If you’re already a birder, you probably don’t need to buy anything special to start sketching. Warnick’s first kit consisted of a notebook, a pencil, and binoculars. She’s since added a few other items that help make her excursions more comfortable:
Warnick lets the avian world unfold in front her. “Observing personality, what keeps the bird busy, its interaction with its neighbors, and its idiosyncrasies make up the joys of field sketching,” she says.
She does, however, advise learning about bird anatomy before trying to draw one. “Studying feet, feather tracts, and wing structure will help you understand what you're seeing. It can be discouraging to try and draw when you don't even know what makes a bird a bird,” she notes.
For instance, Warnick curates a Pinterest collection of images that covers everything from eyes to wings. She then spends 10 minutes each day working on rendering a specific part, simply to refine her skills. She also recommends The Laws Guide to Drawing Birds, which she references frequently.
“I often sketch alone since sketching can be time consuming and unpredictable. I also find it meditative and easier to be quiet and observant,” Warnick says. But be prepared to be interrupted in the field and have people asking questions about your work. “Sometimes the spots that seem perfect and most accessible tend to be the busiest, “ she says. “If you’re shy about your sketches, then somewhere secluded is a better choice.”
But at times, company can be clutch, Warnick says. “Sketching with others motivates me to try harder. Also, with someone else, a ‘failed’ sketch tends to be funny rather than discouraging.”

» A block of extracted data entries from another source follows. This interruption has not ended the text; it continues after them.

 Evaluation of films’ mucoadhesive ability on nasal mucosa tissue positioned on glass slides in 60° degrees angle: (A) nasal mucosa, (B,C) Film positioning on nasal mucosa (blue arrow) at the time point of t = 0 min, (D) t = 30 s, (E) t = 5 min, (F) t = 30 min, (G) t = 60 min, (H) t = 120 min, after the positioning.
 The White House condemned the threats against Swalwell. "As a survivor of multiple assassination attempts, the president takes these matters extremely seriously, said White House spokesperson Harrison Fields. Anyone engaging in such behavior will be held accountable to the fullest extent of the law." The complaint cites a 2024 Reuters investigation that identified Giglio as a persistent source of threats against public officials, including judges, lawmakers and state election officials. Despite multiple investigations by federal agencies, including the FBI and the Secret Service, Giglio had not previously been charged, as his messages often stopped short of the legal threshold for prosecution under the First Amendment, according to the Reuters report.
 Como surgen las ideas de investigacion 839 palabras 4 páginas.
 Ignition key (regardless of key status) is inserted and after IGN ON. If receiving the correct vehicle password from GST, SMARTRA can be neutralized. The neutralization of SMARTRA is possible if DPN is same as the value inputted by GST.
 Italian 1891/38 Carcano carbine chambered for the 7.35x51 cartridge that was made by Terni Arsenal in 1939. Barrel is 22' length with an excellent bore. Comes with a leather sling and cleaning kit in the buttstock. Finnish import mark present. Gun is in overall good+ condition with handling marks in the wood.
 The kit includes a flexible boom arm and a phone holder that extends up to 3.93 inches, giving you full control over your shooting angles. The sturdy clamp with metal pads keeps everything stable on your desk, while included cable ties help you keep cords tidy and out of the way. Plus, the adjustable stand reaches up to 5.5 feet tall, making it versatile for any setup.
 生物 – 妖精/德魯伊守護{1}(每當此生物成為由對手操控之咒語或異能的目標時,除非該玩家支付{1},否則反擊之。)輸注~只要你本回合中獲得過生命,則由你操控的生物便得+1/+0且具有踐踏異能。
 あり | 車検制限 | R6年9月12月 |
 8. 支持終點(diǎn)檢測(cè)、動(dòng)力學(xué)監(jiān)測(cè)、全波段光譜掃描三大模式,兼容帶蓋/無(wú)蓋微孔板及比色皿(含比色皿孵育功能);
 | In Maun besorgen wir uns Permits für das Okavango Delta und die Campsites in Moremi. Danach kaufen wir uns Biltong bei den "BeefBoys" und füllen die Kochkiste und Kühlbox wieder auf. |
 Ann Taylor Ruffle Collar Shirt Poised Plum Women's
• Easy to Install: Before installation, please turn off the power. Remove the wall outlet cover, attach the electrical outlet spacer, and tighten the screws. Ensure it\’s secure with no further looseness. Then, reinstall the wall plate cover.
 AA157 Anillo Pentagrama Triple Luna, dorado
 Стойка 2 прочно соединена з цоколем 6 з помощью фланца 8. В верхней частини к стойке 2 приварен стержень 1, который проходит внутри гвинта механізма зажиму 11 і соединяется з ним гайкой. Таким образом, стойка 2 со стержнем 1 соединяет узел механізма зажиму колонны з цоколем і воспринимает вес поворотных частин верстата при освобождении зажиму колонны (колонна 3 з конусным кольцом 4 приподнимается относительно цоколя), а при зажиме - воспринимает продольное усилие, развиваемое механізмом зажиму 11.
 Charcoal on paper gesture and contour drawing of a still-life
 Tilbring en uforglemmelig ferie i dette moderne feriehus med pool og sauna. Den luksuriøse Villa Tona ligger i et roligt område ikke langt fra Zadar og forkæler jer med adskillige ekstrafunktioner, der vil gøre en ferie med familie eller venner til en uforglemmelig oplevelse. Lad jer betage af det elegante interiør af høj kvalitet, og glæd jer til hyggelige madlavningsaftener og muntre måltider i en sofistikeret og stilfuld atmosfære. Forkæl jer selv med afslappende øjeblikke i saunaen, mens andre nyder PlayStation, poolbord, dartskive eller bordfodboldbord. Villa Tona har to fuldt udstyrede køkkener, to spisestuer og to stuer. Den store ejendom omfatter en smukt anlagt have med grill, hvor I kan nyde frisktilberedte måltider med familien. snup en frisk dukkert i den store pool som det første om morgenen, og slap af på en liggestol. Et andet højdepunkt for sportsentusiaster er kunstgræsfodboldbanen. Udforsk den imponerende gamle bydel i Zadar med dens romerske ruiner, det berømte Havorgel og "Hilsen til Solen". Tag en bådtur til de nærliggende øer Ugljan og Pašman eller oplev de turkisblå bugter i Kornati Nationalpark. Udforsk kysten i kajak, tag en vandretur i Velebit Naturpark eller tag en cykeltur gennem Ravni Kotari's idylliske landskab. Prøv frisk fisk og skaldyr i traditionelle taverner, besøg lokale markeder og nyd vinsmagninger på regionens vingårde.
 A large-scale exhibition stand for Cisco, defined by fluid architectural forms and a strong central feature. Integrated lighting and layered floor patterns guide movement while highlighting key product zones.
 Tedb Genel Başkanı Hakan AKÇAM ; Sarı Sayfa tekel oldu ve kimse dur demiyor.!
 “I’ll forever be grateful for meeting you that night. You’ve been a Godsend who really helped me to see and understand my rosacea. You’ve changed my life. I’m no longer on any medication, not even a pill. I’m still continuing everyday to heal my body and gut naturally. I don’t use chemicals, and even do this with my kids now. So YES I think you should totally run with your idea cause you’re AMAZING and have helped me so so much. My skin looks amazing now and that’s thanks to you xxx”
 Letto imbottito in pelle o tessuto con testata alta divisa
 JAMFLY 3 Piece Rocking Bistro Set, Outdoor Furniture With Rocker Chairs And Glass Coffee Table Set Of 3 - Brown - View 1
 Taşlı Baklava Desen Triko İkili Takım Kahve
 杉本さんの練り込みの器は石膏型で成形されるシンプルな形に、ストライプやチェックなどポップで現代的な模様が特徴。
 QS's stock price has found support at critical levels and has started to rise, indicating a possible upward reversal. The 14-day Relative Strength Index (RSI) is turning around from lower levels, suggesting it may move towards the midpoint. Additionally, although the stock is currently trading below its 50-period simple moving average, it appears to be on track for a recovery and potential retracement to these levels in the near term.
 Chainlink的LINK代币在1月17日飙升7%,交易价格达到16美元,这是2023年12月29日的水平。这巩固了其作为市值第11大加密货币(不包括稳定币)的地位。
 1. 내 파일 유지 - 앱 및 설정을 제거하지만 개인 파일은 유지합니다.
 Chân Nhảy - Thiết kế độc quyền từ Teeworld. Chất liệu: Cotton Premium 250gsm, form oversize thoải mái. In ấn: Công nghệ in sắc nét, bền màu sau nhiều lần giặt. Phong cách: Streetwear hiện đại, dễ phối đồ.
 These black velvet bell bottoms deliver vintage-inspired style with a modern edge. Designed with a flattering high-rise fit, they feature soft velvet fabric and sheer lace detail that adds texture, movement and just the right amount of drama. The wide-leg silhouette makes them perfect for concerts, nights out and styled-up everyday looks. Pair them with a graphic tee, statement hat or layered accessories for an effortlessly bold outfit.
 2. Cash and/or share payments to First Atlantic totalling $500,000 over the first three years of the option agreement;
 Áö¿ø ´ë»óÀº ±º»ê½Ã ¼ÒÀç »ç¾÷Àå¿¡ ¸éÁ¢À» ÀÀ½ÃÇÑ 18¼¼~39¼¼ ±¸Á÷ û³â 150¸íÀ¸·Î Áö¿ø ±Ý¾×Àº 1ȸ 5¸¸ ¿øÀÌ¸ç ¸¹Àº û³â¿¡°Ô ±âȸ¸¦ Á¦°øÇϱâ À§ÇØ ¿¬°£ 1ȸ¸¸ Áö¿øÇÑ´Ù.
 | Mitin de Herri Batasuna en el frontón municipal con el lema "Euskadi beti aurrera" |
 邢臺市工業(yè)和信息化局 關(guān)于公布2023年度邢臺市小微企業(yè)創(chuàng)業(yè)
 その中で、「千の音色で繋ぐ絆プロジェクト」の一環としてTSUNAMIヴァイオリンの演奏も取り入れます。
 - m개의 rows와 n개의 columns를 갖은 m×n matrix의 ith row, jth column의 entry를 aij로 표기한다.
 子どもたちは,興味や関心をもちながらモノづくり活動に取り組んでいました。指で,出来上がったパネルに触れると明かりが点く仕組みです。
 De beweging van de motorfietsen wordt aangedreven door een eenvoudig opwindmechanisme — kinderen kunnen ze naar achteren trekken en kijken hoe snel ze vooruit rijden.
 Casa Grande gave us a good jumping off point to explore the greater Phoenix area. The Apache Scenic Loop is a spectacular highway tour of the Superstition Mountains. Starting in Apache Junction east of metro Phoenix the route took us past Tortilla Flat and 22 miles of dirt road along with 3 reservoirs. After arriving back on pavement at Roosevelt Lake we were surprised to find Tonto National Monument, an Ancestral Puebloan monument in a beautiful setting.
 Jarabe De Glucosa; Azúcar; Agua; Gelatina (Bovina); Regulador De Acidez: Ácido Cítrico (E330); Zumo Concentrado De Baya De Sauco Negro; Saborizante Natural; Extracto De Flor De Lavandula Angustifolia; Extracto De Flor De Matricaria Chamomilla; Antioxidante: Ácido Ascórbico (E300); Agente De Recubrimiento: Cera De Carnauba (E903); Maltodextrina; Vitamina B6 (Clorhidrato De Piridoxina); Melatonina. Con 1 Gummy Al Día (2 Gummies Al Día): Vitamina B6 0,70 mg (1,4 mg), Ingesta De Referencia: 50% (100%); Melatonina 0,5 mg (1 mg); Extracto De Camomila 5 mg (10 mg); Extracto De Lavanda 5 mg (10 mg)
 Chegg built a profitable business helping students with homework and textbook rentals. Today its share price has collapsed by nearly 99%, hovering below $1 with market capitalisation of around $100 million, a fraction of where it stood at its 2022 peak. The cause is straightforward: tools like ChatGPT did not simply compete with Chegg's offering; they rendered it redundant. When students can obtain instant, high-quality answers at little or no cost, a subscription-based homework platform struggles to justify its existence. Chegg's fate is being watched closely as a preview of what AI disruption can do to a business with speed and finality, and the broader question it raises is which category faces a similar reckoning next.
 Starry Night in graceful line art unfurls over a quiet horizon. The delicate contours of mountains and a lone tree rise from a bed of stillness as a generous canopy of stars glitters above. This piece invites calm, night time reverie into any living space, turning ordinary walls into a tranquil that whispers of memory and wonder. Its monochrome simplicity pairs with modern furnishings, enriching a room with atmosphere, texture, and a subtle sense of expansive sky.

Once you’re perched in the right place, at the right time, with the right supplies, it’s time to think strategy. "Working from big shapes to small shapes is a good rule of thumb to help break a complicated subject into baby steps," Warnick says. She suggests looking through your bins as you imagine tracing over the view of the bird with your pencil. Start with two circles: a head and a proportionate body. Then move onto the tail, bill, and the edges of the wings to show length and countour. If the bird is being cooperative, you can dig into the biggest feather groupings, including coverts, secondaries, primaries, and face plumes.
Use your observation time to cement the bird’s details rather than trying to finish it all while it’s in one place. Basic postures and colors are important, Warnick says, as are quick gestural sketches that capture the personality of the subject. “It’s easier to draw from memory than from going back and forth with the optics,” she notes. If the birds are missing in action, stay put and draw the surrounding plants and environment.
Short, frequent sketching sessions at a feeder or another accessible site can be as effective as a dedicated all-day excursion. Warnick recommends setting aside at least two hours for time to get acclimated to the conditions, decide on which birds to observe, and produce the sketches.
One of the most important lessons Warnick has learned is that a sketch is not the final product: It’s simply a form of notetaking. “For almost every painting I do, I use a combination of fieldwork, photographs, field guides, online resources, comparisons to similar species, and museum specimens. All these references are helpful, but sketching gives me the ability to find depictions that are true to life.” Even when her illustrations look terrible, Warnick says, they lead her to ask a lot of questions. That process allows her to get to know each species better.
So don’t be disappointed if you aren’t John James Audubon on your first stab—or even your hundreth. Warnick has been drawing most of her life as a hobby, but she’s still improving. “I thought I would pack up at the end of a long day with a stack of masterpieces under my arm,” she says. “That has yet to happen.”